KEJAKSAN– Sikap Ketua Fraksi Partai Golkar (FPG) DPRD Kota Cirebon, Andrie Sulistio SE, justru menuai kritik pedas dari kader beringin sendiri. Langkah Andrie yang secara terbuka di rapat DPRD meminta menuntut hak dan keadilan bagi fraksinya dinilai tidak tepat, lantaran disampaikan secara terbuka di forum rapat.
golkar cirebon
Partai Golkar. Image by rmol.co
Hal itu disampaikan pengurus DPD Partai Golkar Kota Cirebon bagian Pemuda, Olahraga dan Seni, Adi Arifudin SH. Menurutnya, meskipun yang disampaikan Andrie bertujuan untuk mendapatkan hak FPG, tapi cara yang dilakukan dianggap kurang tepat.
“Memang betul ketua Fraksi Golkar memperjuangkan hak dan menuntut keadilan atas fraksinya. Tapi kalau hal itu disampaikan secara terbuka, tidak elok dan kurang pantas, bahkan ya salah kaprah” kata Adi, ditemui Rakyat Cirebon di salahsatu rumah makan di Jalan Siliwangi Kota Cirebon, kemarin.
Ia menilai, ketua FPG seharusnya bisa melakukan lobi-lobi dengan pimpinan dewan terkait komposisi panitia khusus (pansus). Terlebih, satu kader Partai Golkar duduk di unsur pimpinan, sehingga tidak akan sulit bila lobi-lobi itu dilakukan. Selagi tetap mengedepankan etika.

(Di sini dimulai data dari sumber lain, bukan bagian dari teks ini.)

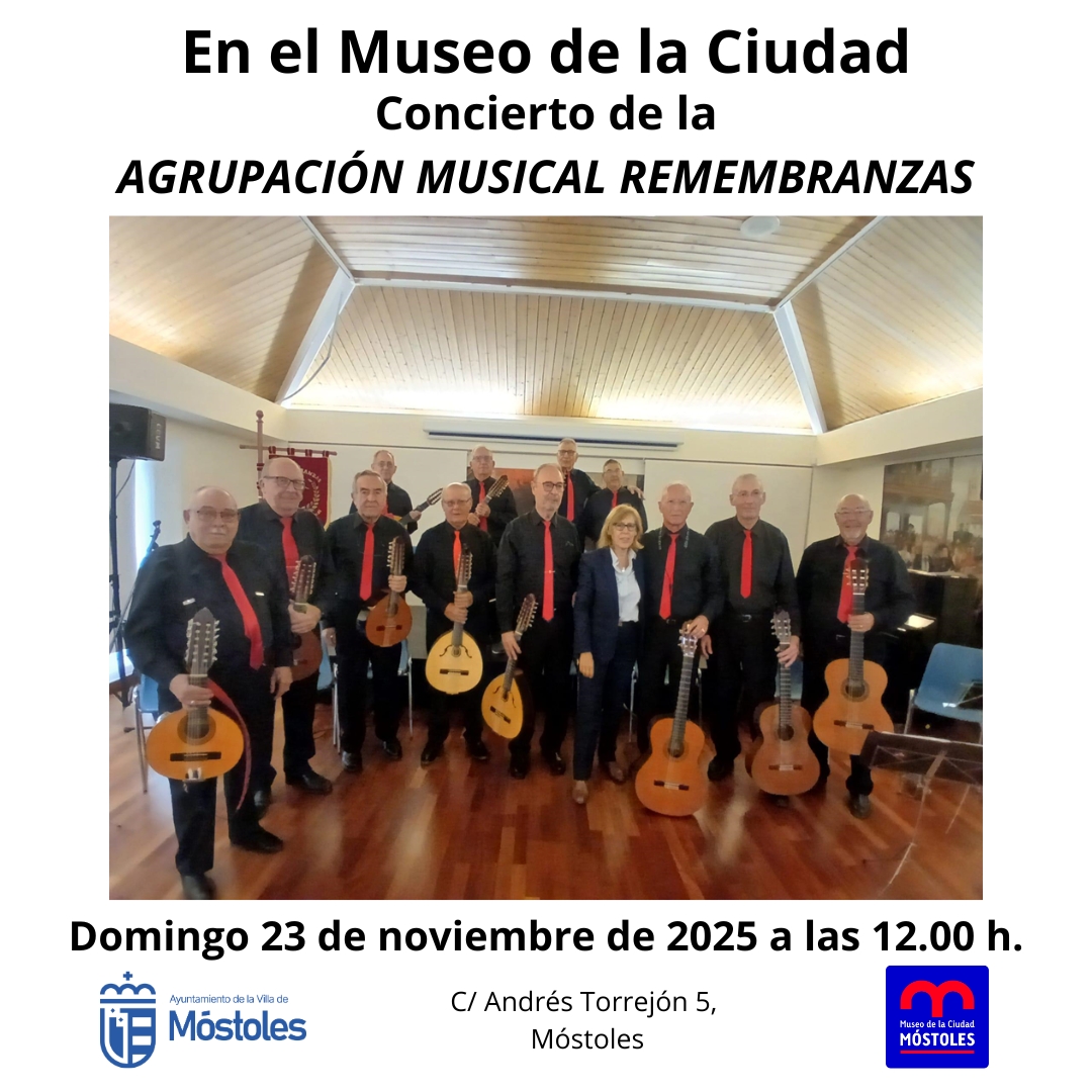 La música, también tendrá protagonismo el domingo 23, en el Museo de la Ciudad, a las 12:00 h, con el "Concierto de la Agrupación Musical Remembranzas". Esta vez se podrá disfrutar de música popular y tradicional, al son de boleros, pasodobles, zarzuelas, pasacalles y otros clásicos para recordar y disfrutar desde el corazón. La entrada es gratuita previa retirada de invitaciones en el propio centro a partir del martes 18 de noviembre.

“Persoalan komposisi pansus kan sebetulnya bisa dilakukan lobi-lobi di luar forum rapat. Toh kalaupun itu menjadi hak Fraksi Golkar, saya rasa tidak akan sulit. Tapi kalau itu disampaikan di forum rapat, tentu akan melahirkan interpretasi berbeda,” kata dia.
Menurut Adi, interpretasi liar atas sikap ketua FPG wajar mengemuka. Karena ketika berbicara hak maupun keadilan, maka konsekuensinya harus melaksanakan kewajiban secara proporsional.
“Orang akan menilai bahwa Fraksi Golkar hanya menuntut hak. Justru akan jauh lebih baik dengan menunjukkan capaian kinerja atas kewajiban yang telah dilaksanakan,” kata mantan aktivis mahasiswa itu.
Diberitakan sebelumnya, pembagian komposisi pansus untuk delapan raperda yang sudah masuk di Badan Pembentukan Peraturan Daerah (BPPD) berlangsung alot.Fraksi Golkar di DPRD Kota Cirebon menuntut hak dan keadilan soal komposisi pansus. Fraksi Golkar menginginkan jatah dua anggota di setiap pansus terpenuhi. 
Karena di beberapa pansus yang sudah berjalan, Fraksi Golkar hanya menempatkan satu anggotanya.“Fraksi Golkar harusnya dua anggota di satu pansus. Tapi, kemarin-kemarin hanya satu,” kata Ketua Fraksi Golkar, Andrie Sulistio SE, saat rapat pembentukan pansus, Senin (5/10), di Griya Sawala gedung DPRD.
Untuk itu, Andrie meminta, meskipun pansus sudah diplot disesuaikan dengan komisi atau wilayah kerjanya, Fraksi Golkar minta pengecualian. Misalnya, di Pansus I, hanya ada dirinya, untuk itu meminta agar anggota Fraksi Golkar yang berasal dari Komisi C, Ana Susanti SE dimasukkan ke Pansus I.
“Jadi nanti ada tambahan di Pansus I. Saya mengambil dari komisi C, Bu Ana. Biar genap dua orang. Nanti Bu Ana tetap ada di pansus III juga,” kata legislator asal dapil II Kesambi-Pekalipan itu.Menurut Andrie, hal itu dilakukan untuk menjaga hak Fraksi Golkar dan mendapatkan keadilan. 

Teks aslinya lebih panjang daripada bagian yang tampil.